What is mad cow disease?
Mad cow disease, or bovine spongiform encephalopathy (BSE), is a transmissible, slowly progressive, degenerative, and fatal disease affecting the central nervous system of adult cattle. The USDA tests some 20,000 animals every year for this disease.
Researchers believe that the infectious agent that causes mad cow disease is a protein normally found on cell surfaces, called a prion. For reasons still unknown, this protein becomes altered to become disease producing.
Does cooking food kill the prion that causes mad cow disease?
Common methods to eliminate disease-causing organisms in food, like heat, do not affect prions. Also, prions only seem to live in nervous system tissue.
Does mad cow disease affect humans?
A human version of mad cow disease called variant Creutzfeldt-Jakob disease (vCJD) is believed to be caused by eating nerve tissue, such as brain and spinal cord, from cattle infected with mad cow disease. For this reason, the USDA requires that all nervous system materials be removed from cattle that are unable to walk -- an indication that there may be a neurological problem. These cow products do not enter the U.S. food supply. The USDA believes this practice effectively safeguards U.S. public health from vCJD.
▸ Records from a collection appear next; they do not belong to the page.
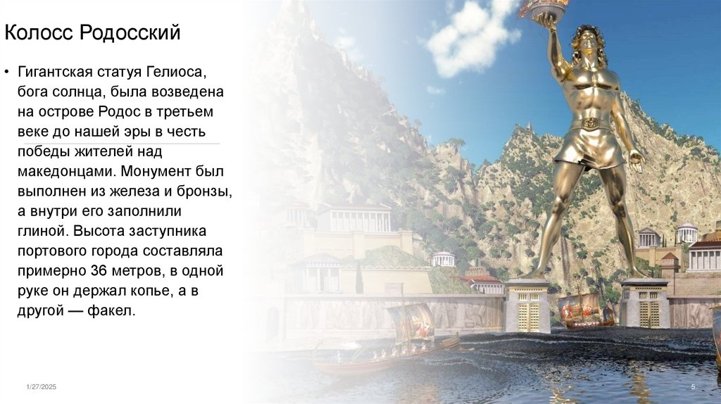 Колосс Родосский• Гигантская статуя Гелиоса,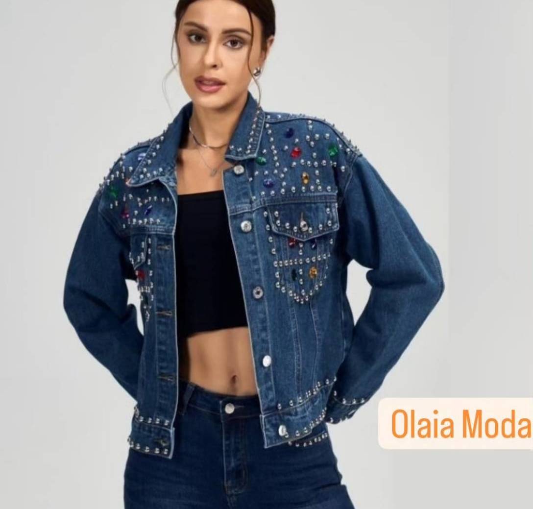 Cazadora vaquera a la cadera , corte amplio con pedrería de colores. Comoda y sofisticada .
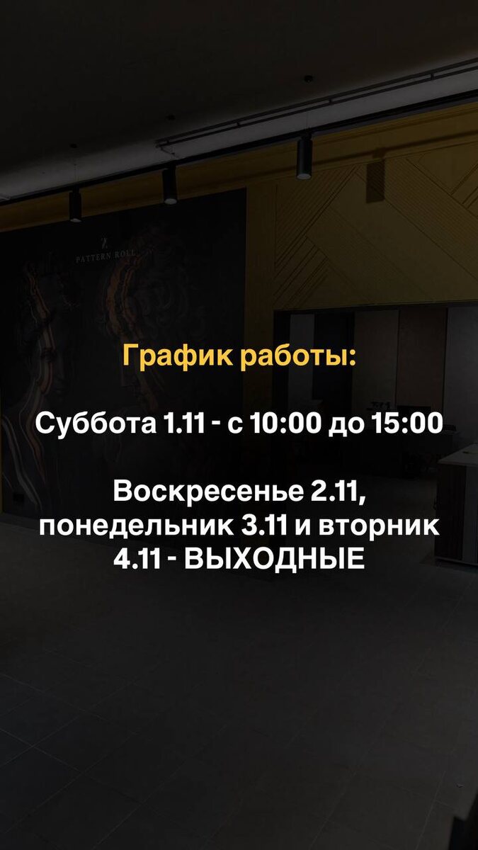 График работы на праздники: Суббота 1.11 - с 10:00 до 15:00 Воскресенье 2.11, понедельник 3.11 и вторник 4.11 - ВЫХОДНЫЕ! По всем вопросам пишите @RDeco40 👈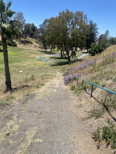 Much of the park is uncovered and unshaded. There are scattered trees and small shaded areas to find a space to walk your dog or picnic. At the north end of the park the noise level can get loud, as the north end is right next to the 8 freeway which is visible from the north hill. Much of the park on this side is also lined by homes/backyards.

According to the CDC, no cases of vCJD have been identified in the U.S.
Having said that, it is important to clarify the differences between variant CJD and another form of the disease, referred to as classic CJD. Classic CJD occurs each year at a rate of 1 to 2 cases per 1 million people throughout the world, including in the U.S. and other countries where mad cow disease has never occurred. It is not linked to the consumption of nerve tissue from mad cow disease-affected cattle -- both vegetarians and meat eaters have died from classic CJD.
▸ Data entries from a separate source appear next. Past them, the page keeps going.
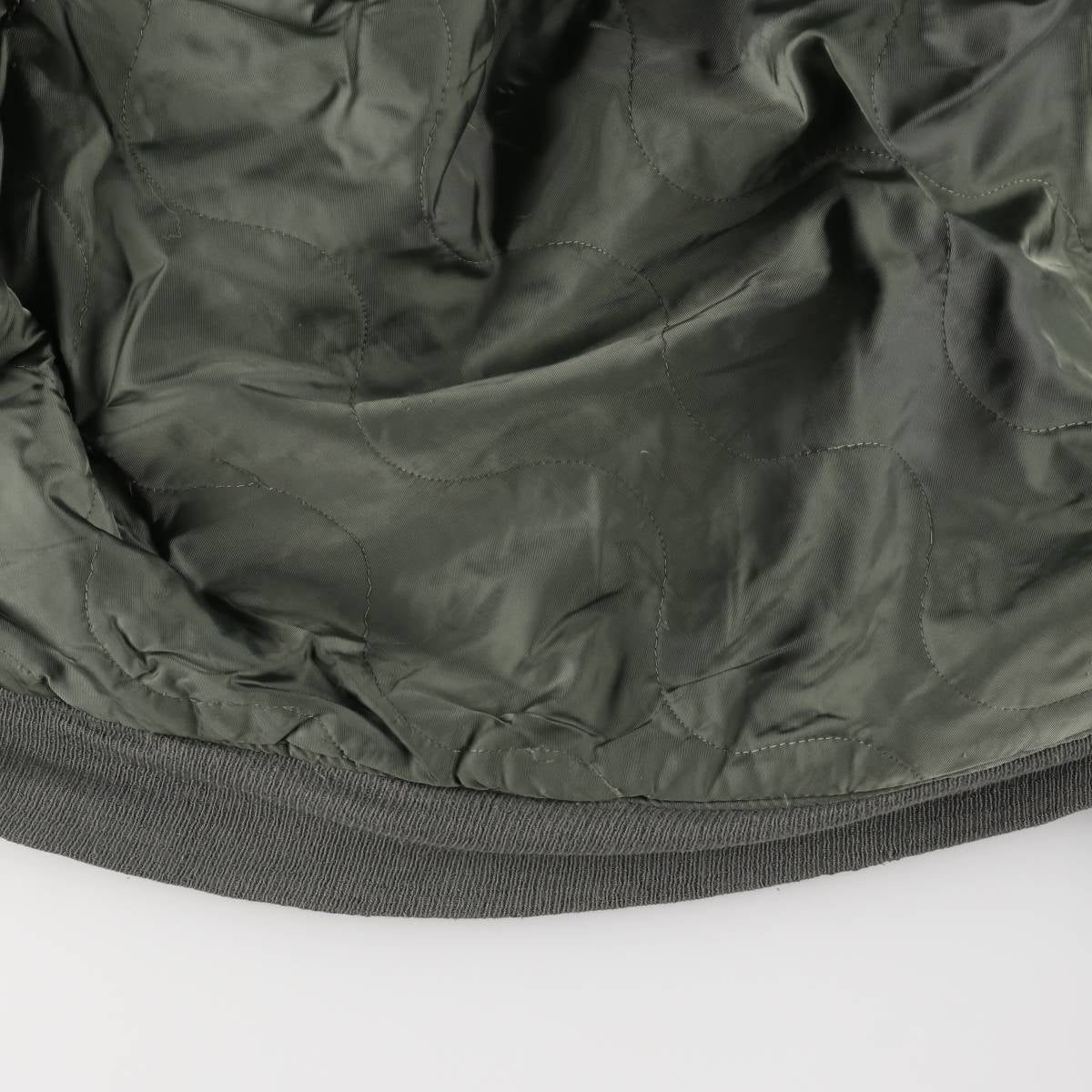 -Inner, entire rib fabric at hem deteriorated. Repair marks near right armpit.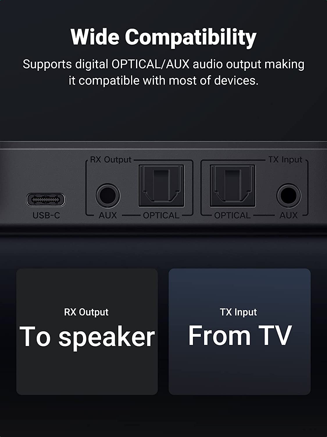 - Ở chế độ TX hoạt động với bất kỳ TV nào có cổng đầu ra âm thanh và nó có thể được ghép nối với bất kỳ tai nghe / loa nào được bật chế độ Bluetooth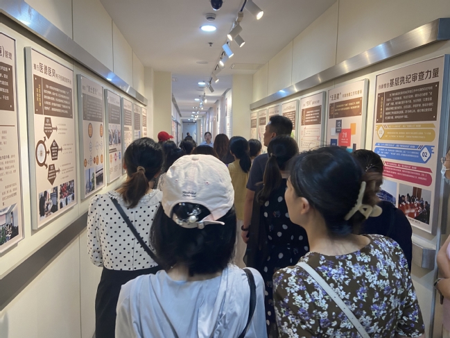 宝山区反腐倡廉教育基地共分“一路前行、新的征程、滨江清风、追案溯源、警钟雷鸣、筑牢防线、初心召唤”等七个篇章,跟随讲解员老师的讲解,党员教师们学习了我党在各个历史时期推进党风廉政建设和反腐败斗争的坚定决心和实际行动。自党中央八项规定通过以来,全党上下正风肃纪,十八大以来,党中央掀起了新中国成立以来规模最大、涉及层级最高、形势最复杂、成效最显著的反腐败斗争,彰显我党反腐败的决心和勇气。讲解过程中,讲解员老师以案说案、以案说法,为党员教师们深入剖析每一位受到贪腐查处人员背后违纪违法的原因和过程,每一个名字都昭示着党和国家反腐败斗争、全面从严治党的决心, “凡是行使了公权力,那便在党纪监察范围内”。

What are the symptoms of vCJD?
The disease affects all age groups and is very hard to diagnose until it has nearly run its course. In its early stages, people have symptoms related to the nervous system, like dementia and jerking muscle movements. But only in advanced stages of the disease can brain abnormalities be detected by X-ray or MRI (magnetic resonance imaging).
Is it possible to get vCJD from eating food purchased in the U.S.?
It is extremely unlikely that this would happen. To prevent mad cow disease from entering the country, since 1989 the federal government has prohibited the importation of certain types of live animals from countries where mad cow disease is known to exist. This ban includes meat products used in human, animal, and pet foods.
Can you get vCJD from drinking milk from an infected cow?
Milk and milk products are not believed to pose any risk for transmitting mad cow disease to humans. Experiments have shown that milk from mad cow-infected cows has not caused infections.
What about other products produced from cow by-products?
The FDA stops the importation of cosmetic and dietary supplement ingredients containing bovine materials from animals originating in the 33 countries where mad cow disease has been found or from animals at risk of being infected.
What is the current risk to American consumers traveling to foreign countries?
According to the CDC, the current risk of acquiring vCJD from any specific country appears to be extremely small. But that cannot be precisely determined because cattle products from one country might be distributed and consumed in others.
How long have health officials been concerned about mad cow disease?
Mad cow disease has been of great concern since 1986, when it was first reported among cattle in the U.K. At its peak in January 1993, almost 1,000 new cases per week were identified.
What other countries have reported cases of mad cow disease?
The disease also has been confirmed in native-born cattle in Austria, Belgium, Czech Republic, Denmark, Finland, France, Germany, Italy, Ireland, Japan, Liechtenstein, Luxembourg, the Netherlands, Northern Ireland, Portugal, Slovakia, Slovenia, Spain, and Switzerland.
Canada has also been added to the list of countries from which imports are restricted, although that ban has been lifted recently. Importation of minimal-risk meat products is now allowed from Canada.